Problem description: Without copying any picture, transcribe exactly the lines of the data below from the one containing "5月29日,穆泰丢分后失态折花,随后将花送给场边观众。" through the one containing "is a Windows".

Records to use:
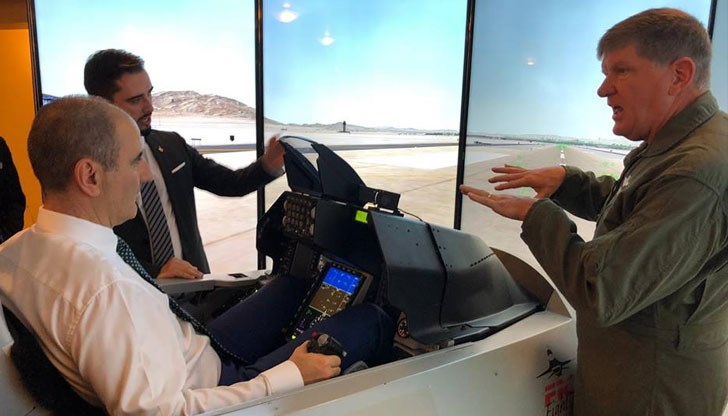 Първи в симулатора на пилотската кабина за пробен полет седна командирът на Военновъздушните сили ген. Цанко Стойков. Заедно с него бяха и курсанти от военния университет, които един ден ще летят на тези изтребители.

==

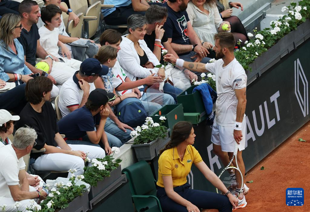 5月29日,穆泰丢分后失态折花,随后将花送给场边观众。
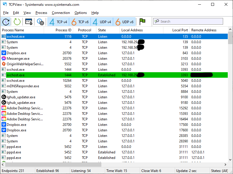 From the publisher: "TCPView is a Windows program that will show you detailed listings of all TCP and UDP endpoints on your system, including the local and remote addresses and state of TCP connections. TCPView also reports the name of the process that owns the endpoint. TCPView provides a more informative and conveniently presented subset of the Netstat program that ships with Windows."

The answer:
 5月29日,穆泰丢分后失态折花,随后将花送给场边观众。
 From the publisher: "TCPView is a Windows program that will show you detailed listings of all TCP and UDP endpoints on your system, including the local and remote addresses and state of TCP connections. TCPView also reports the name of the process that owns the endpoint. TCPView provides a more informative and conveniently presented subset of the Netstat program that ships with Windows."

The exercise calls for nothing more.